◆ Dataset records ◆
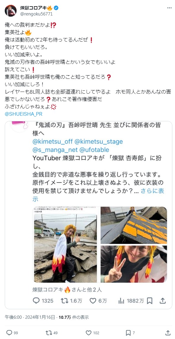 【悲報】煉獄コロアキ、集英社と鬼滅作者を煽る「俺を訴えてこいよ!同人も道連れにしてやるぜ」
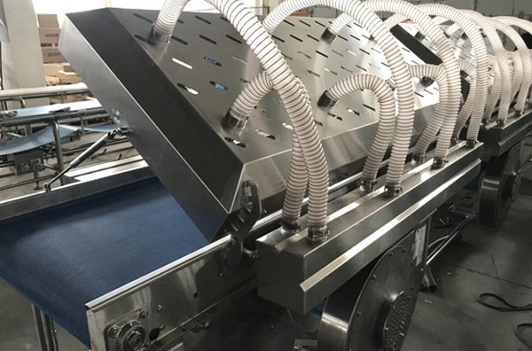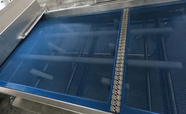 The engineers at Lueon Technology recently improved the air-drying equipment. "Air-drying equipment uses cold air to dry the vegetables. This method eliminates up to 95% of the water on the surface area of leaf vegetables and processes 1-1.5 tons per hour. We have added a touchscreen to visualize the functionalities of the air-drying machine. Clients are able to quickly and conveniently adjust the functionalities of the equipment, such as wind power and processing speed. In addition, the upgraded equipment is not only more stable and safe, but also IP67 waterproof. The machine is moisture proof and waterproof, and can be rinsed down directly. Other than that, we have added a special conveyor belt that makes it easier to open up packaging and wash the vegetables," said Valencia.
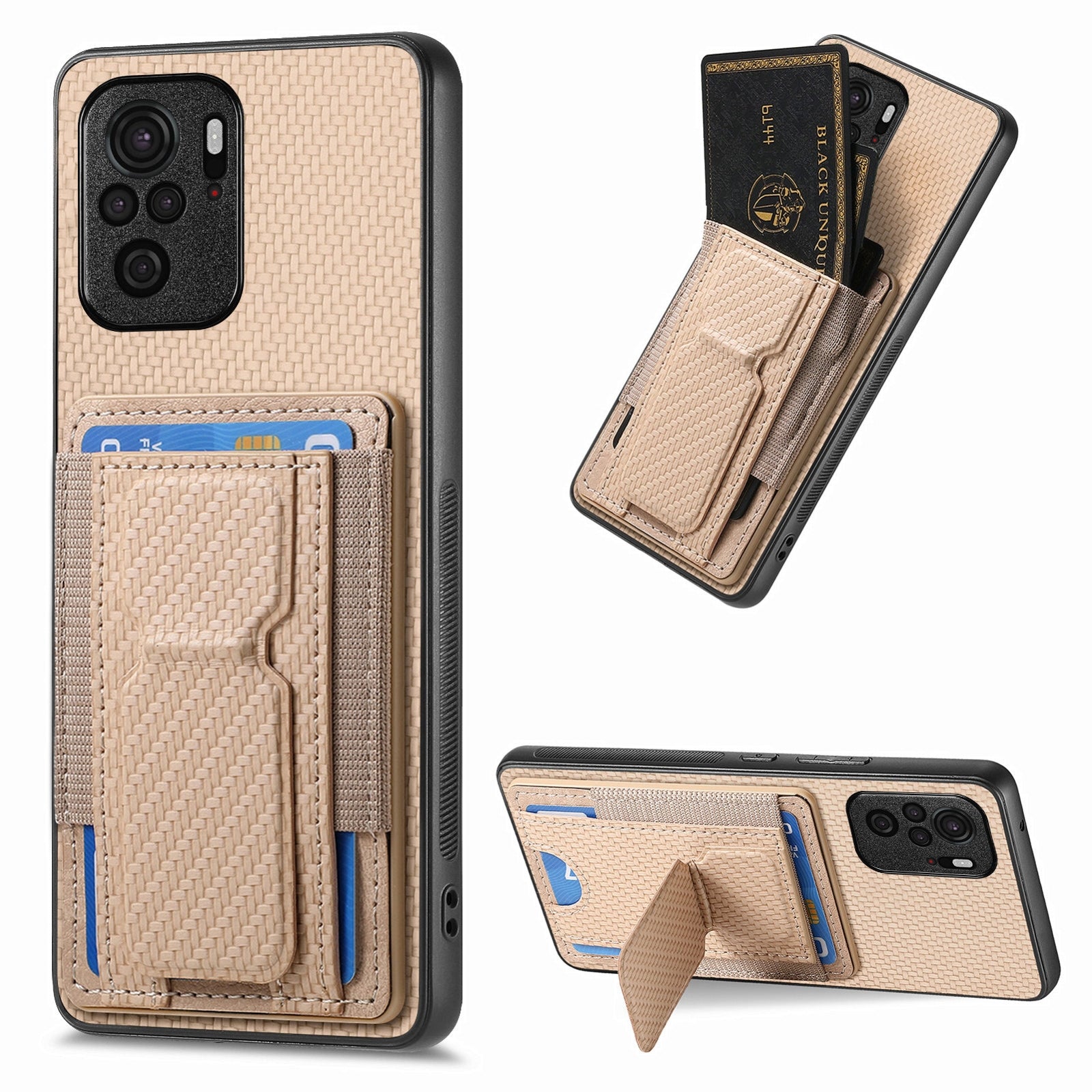 Xiaomi Redmi Note 10 4G Carbon Fiber Fold Stand Elastic Card Bag Phone Case with Multi-Functional Wallet
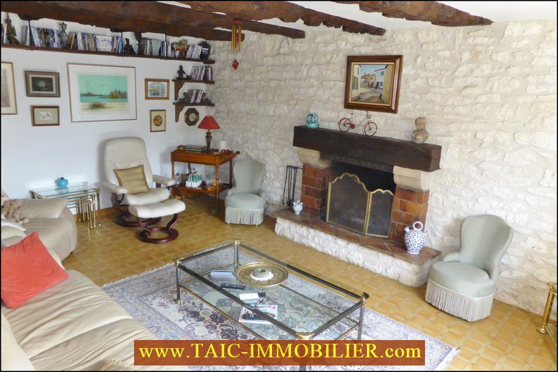 Entrée desservant sur la droite un salon avec cheminée, accès terrasse,
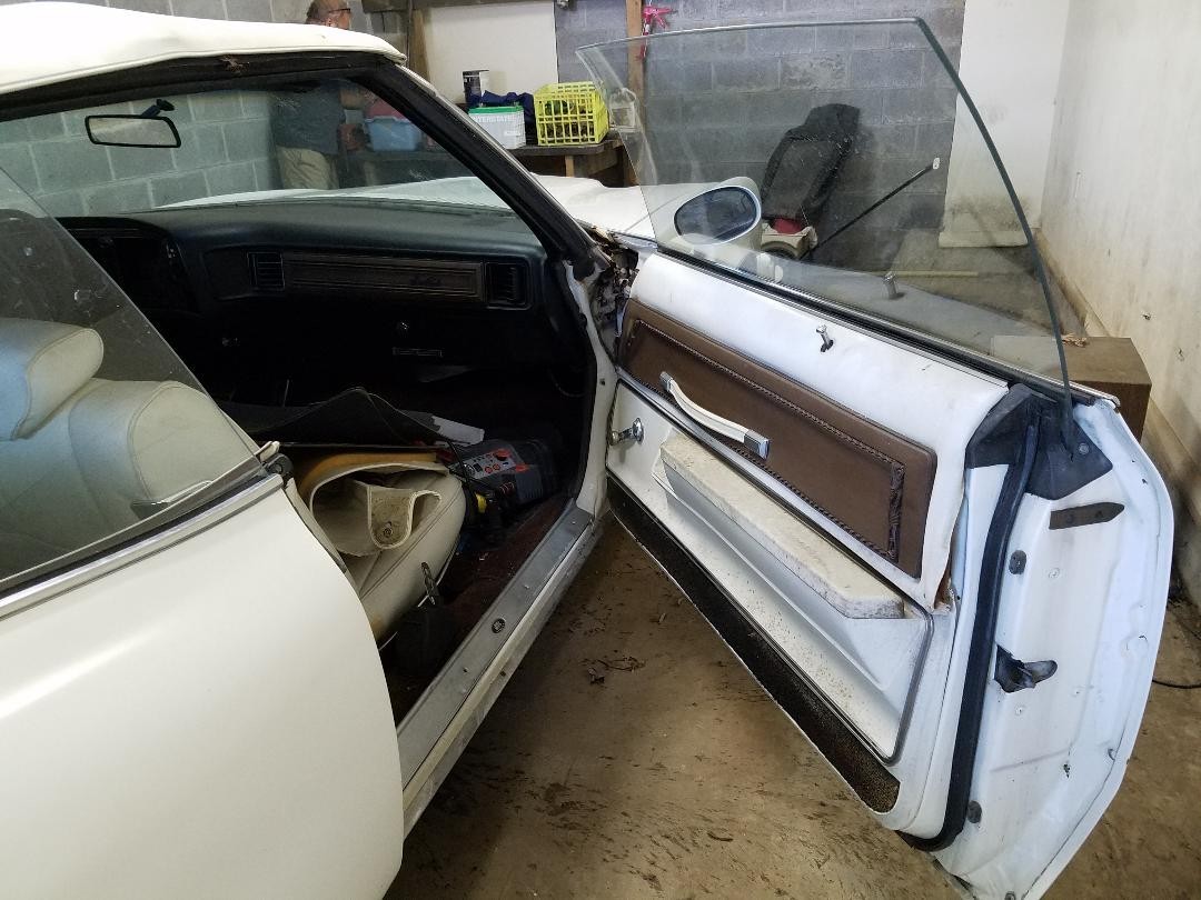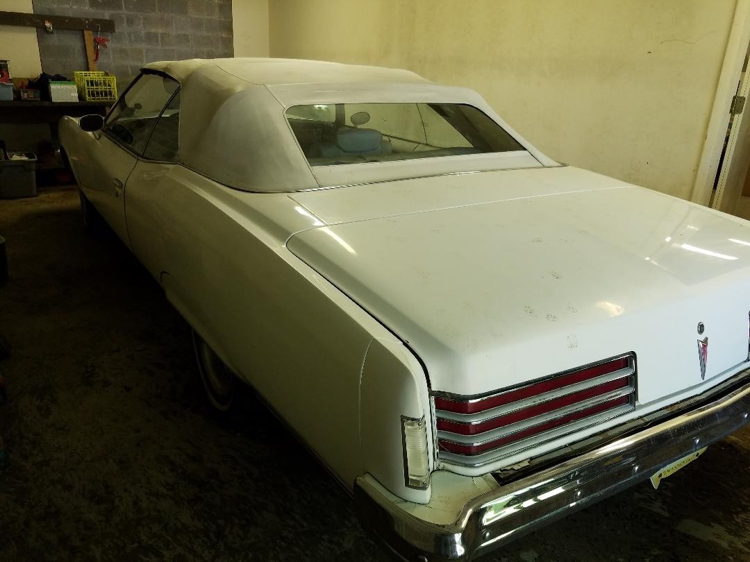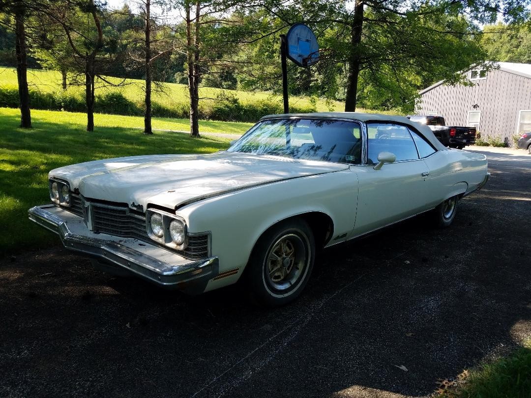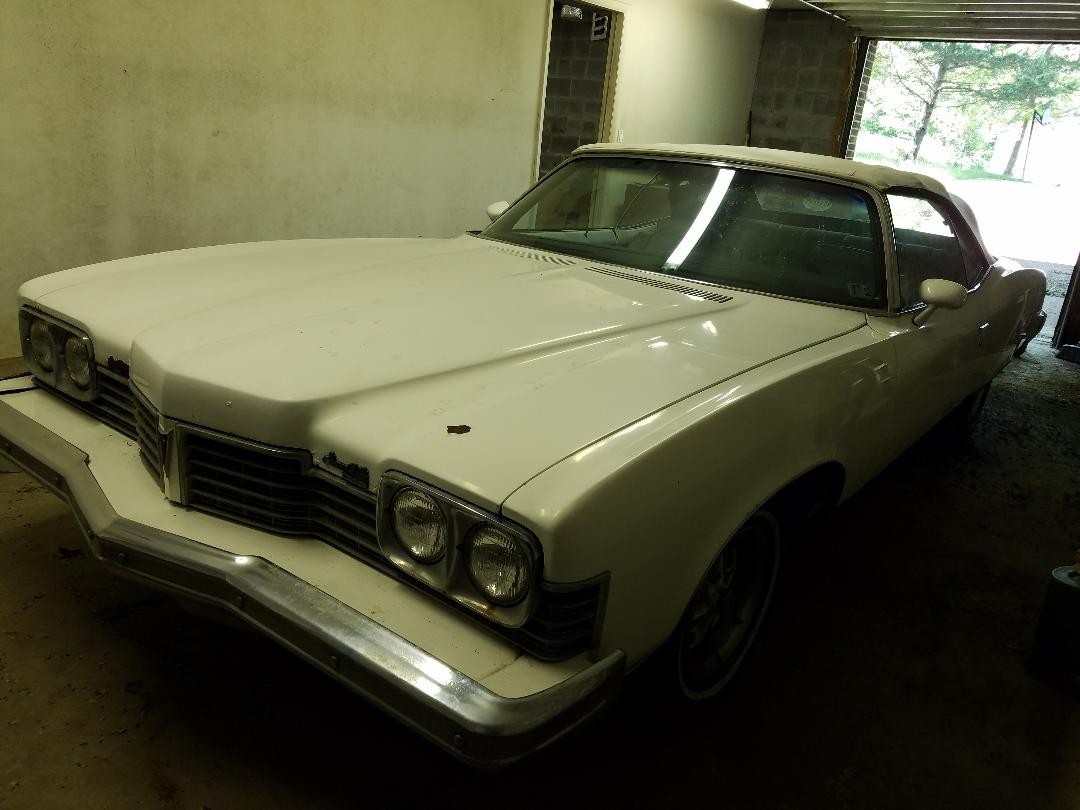 From Jim – This original owner 1973 Pontiac Grand Ville Convertible with 34,000 miles, 455 V8, automatic, runs and drives but needs brake work, tune-up, and some clean up to make roadworthy. It’s a very solid car. I’m Kevin’s good friend and mechanic Jim, and I am trying to help sell this vehicle for him. Kevin bought the Grand Ville Convertible brand new in 1974 and has put just over 34,000 miles on it. He drove it regularly as a Sunday cruiser until around 1990 when he parked it in the garage and has not really driven it much since. The 455 engine fired right up when we put a new battery in it and some fresh gas, although the carb will likely need to be rebuilt, and gas tank and fuel lines drained and cleaned, or replaced. The transmission shifted fine into forward and reverse, but should be flushed, brakes will need some work, looks like a bad master cylinder.
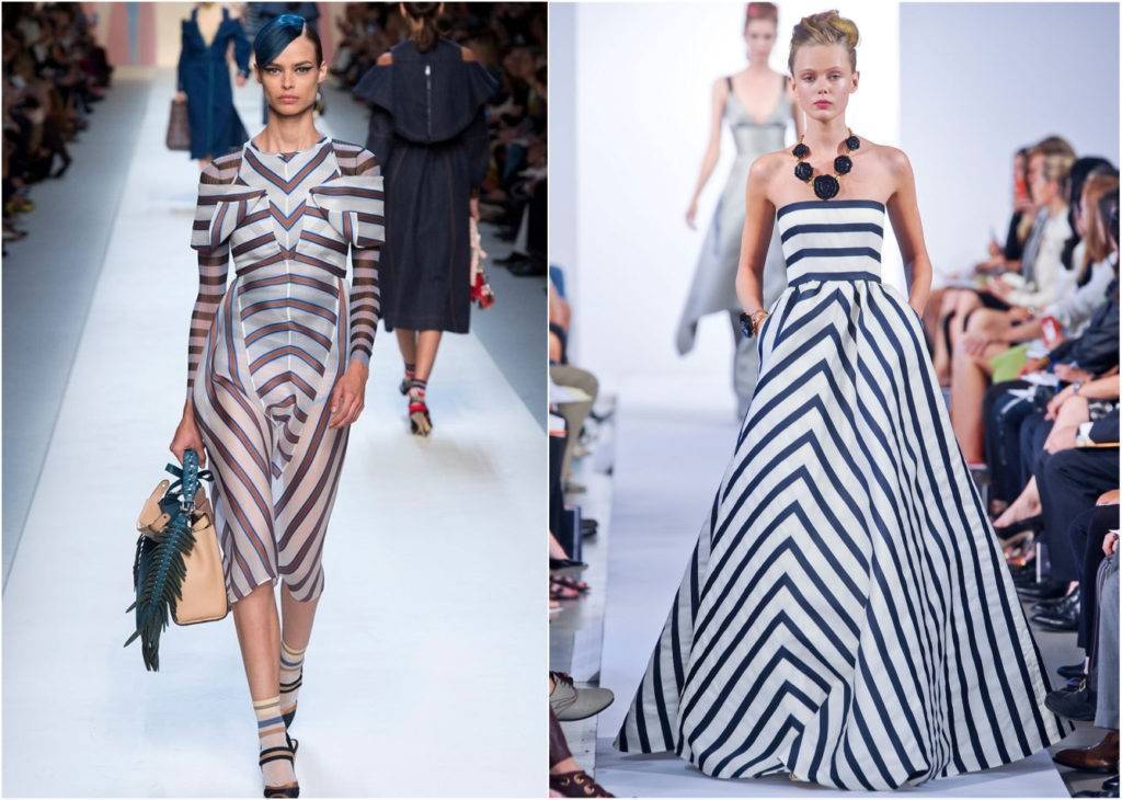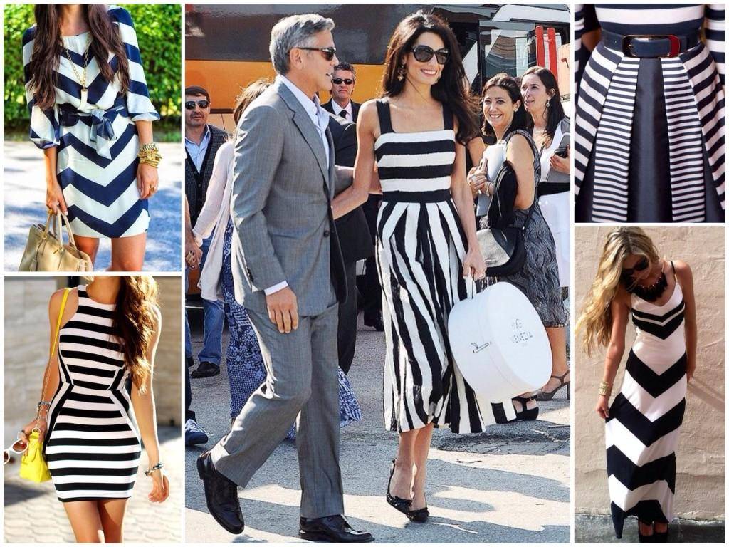 Наиболее популярный принт в одежде — полоска — представлен на фото. Она может быть различной и ширины и направлений. Тренд — красная горизонтальная полоса, которая также относится к морскому стилю. Платье в широкую или узкую полоску часто имеет расклешенную юбку или юбку в складку.

◆ Exercise brief ◆
Return all the data exactly, and keep the pictures out.

◆ Answer box ◆
 【悲報】煉獄コロアキ、集英社と鬼滅作者を煽る「俺を訴えてこいよ!同人も道連れにしてやるぜ」
 The engineers at Lueon Technology recently improved the air-drying equipment. "Air-drying equipment uses cold air to dry the vegetables. This method eliminates up to 95% of the water on the surface area of leaf vegetables and processes 1-1.5 tons per hour. We have added a touchscreen to visualize the functionalities of the air-drying machine. Clients are able to quickly and conveniently adjust the functionalities of the equipment, such as wind power and processing speed. In addition, the upgraded equipment is not only more stable and safe, but also IP67 waterproof. The machine is moisture proof and waterproof, and can be rinsed down directly. Other than that, we have added a special conveyor belt that makes it easier to open up packaging and wash the vegetables," said Valencia.
 Xiaomi Redmi Note 10 4G Carbon Fiber Fold Stand Elastic Card Bag Phone Case with Multi-Functional Wallet
 Entrée desservant sur la droite un salon avec cheminée, accès terrasse,
 From Jim – This original owner 1973 Pontiac Grand Ville Convertible with 34,000 miles, 455 V8, automatic, runs and drives but needs brake work, tune-up, and some clean up to make roadworthy. It’s a very solid car. I’m Kevin’s good friend and mechanic Jim, and I am trying to help sell this vehicle for him. Kevin bought the Grand Ville Convertible brand new in 1974 and has put just over 34,000 miles on it. He drove it regularly as a Sunday cruiser until around 1990 when he parked it in the garage and has not really driven it much since. The 455 engine fired right up when we put a new battery in it and some fresh gas, although the carb will likely need to be rebuilt, and gas tank and fuel lines drained and cleaned, or replaced. The transmission shifted fine into forward and reverse, but should be flushed, brakes will need some work, looks like a bad master cylinder.
 Наиболее популярный принт в одежде — полоска — представлен на фото. Она может быть различной и ширины и направлений. Тренд — красная горизонтальная полоса, которая также относится к морскому стилю. Платье в широкую или узкую полоску часто имеет расклешенную юбку или юбку в складку.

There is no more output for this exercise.